Thursday, May 27, 2010

Falling

When I first started skating, I didn't use any safety equipment. No wrist guards, elbow or knee pads. Albeit, at that point, most of my falling was onto my backside. However, I think I could have pushed myself harder if I'd had those pieces of equipment. To know how far you can go, you have to push past that point. When pushing past that point means falling, you're less likely to try it.

At the end of March I finally got all of my gear. The difference was amazing. I could fall and it didn't hurt! It's not perfect but I could fall on my knees and not really feel it. I decided to buy 187 knee pads which have a lot of padding on them. To quote one derby lady I know, it's like "falling on baby Jesus kittens." In a way, it's pretty much like that. It also gave me more confidence. I was willing to push harder and found that I was much more likely to fall forward than I had been.

Monday was a brutally hot day. A large group of us showed up for the NSRG clinic. I don't know if it was just one of those days or if the hot weather had anything to do with it but I didn't seem to be able to do anything properly, even falling. I had a couple of "good" falls (forward, on my knees, pulling myself in) but then I just started to fall. I actually had to adjust my knee pads as I fell hard enough to knock it off center. I fell when people passed me, when I tried to work on crossovers and once I think I just fell while standing still. The place that the clinics are held is outdoors. This is not as nice of a surface to fall on and I'm even more grateful that I got the 187's with their extra big padding. The ground doesn't give as much as the skating floors. I left Monday feeling rather sore from all the falling, even with my "Baby Jesus Kittens" knee pads. I went home and iced my knee.

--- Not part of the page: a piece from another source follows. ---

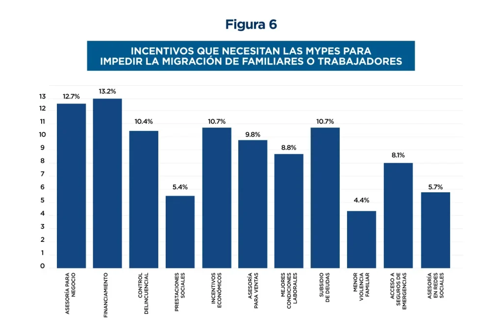 6. Existe una diversidad de incentivos a través de los cuales se puede apoyar a las MYPES. Contrario a la creencia de que el único incentivo que necesitan es el acceso a financiamiento, la encuesta refleja que se les puede apoyar mediante una variedad de instrumentos, tales como: asesoría para los negocios, subsidio de deudas, incentivos económicos, asesoría para ventas, mejores condiciones laborales, acceso a seguros para emergencias, asesoría en redes sociales, acceso a prestaciones sociales, entre otros (ver figura 6).
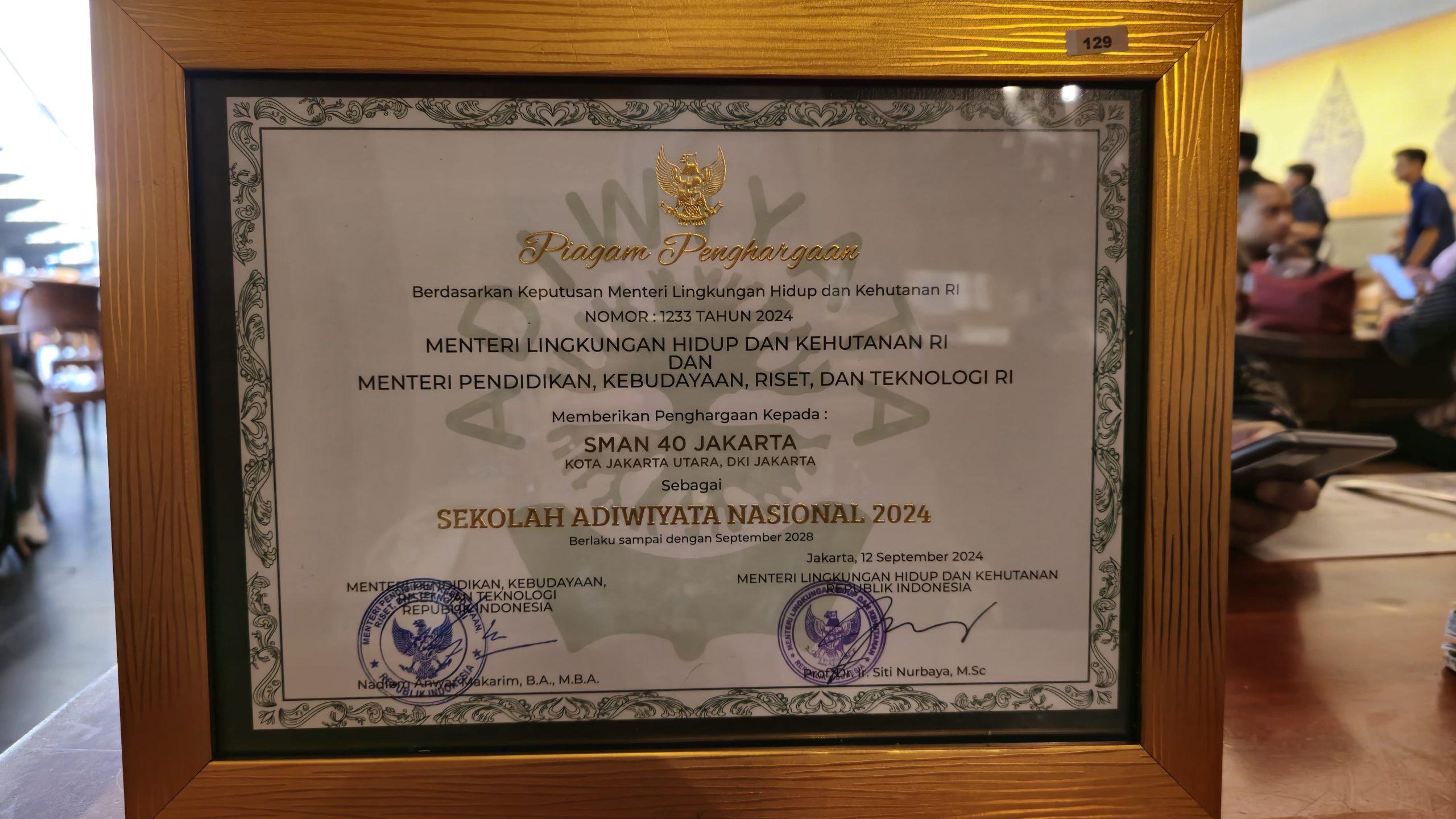 SMA Negeri 40 Jakarta dinobatkan sebagai Sekolah Adiwiyata tingkat Nasional tahun 2024, penghargaan ini diberikan langsung oleh Wakil Menteri LHK Alue Dohong di Gedung Manggala Wanabakti Kementerian Lingkungan Hidup dan Kehutanan RI pada hari Rabu (02/10/2024).

Today I still managed to fall (knee taps are harder than they appear; I need to work on control and not just let myself fall to my knee) but they were better falls. I feel once on my backside but it didn't feel as bad as the multiple times I did that on Monday. The really encouraging thing is not only do people check with you to see if you're alright (which makes me a little embarrassed especially when it's something really stupid that caused me to fall) but they also tell you that you're trying.

Sometimes falling means you're not balanced right or you're spending too much time looking at your feet. Sometimes it's just a sign that it's an off day. The times that I like falling are when it's because I'm pushing myself. I'm working on a new skill or trying harder to master one that I've been introduced to. This sort of falling is almost encouraged because it means you are trying. It's not the reckless showing off that some members of society like to do (I'm currently reminded of a group of young men who tried to out do each other on rental skates at one of the local rinks).

It'll be interesting to see what it's like to fall because someone got a good check on me...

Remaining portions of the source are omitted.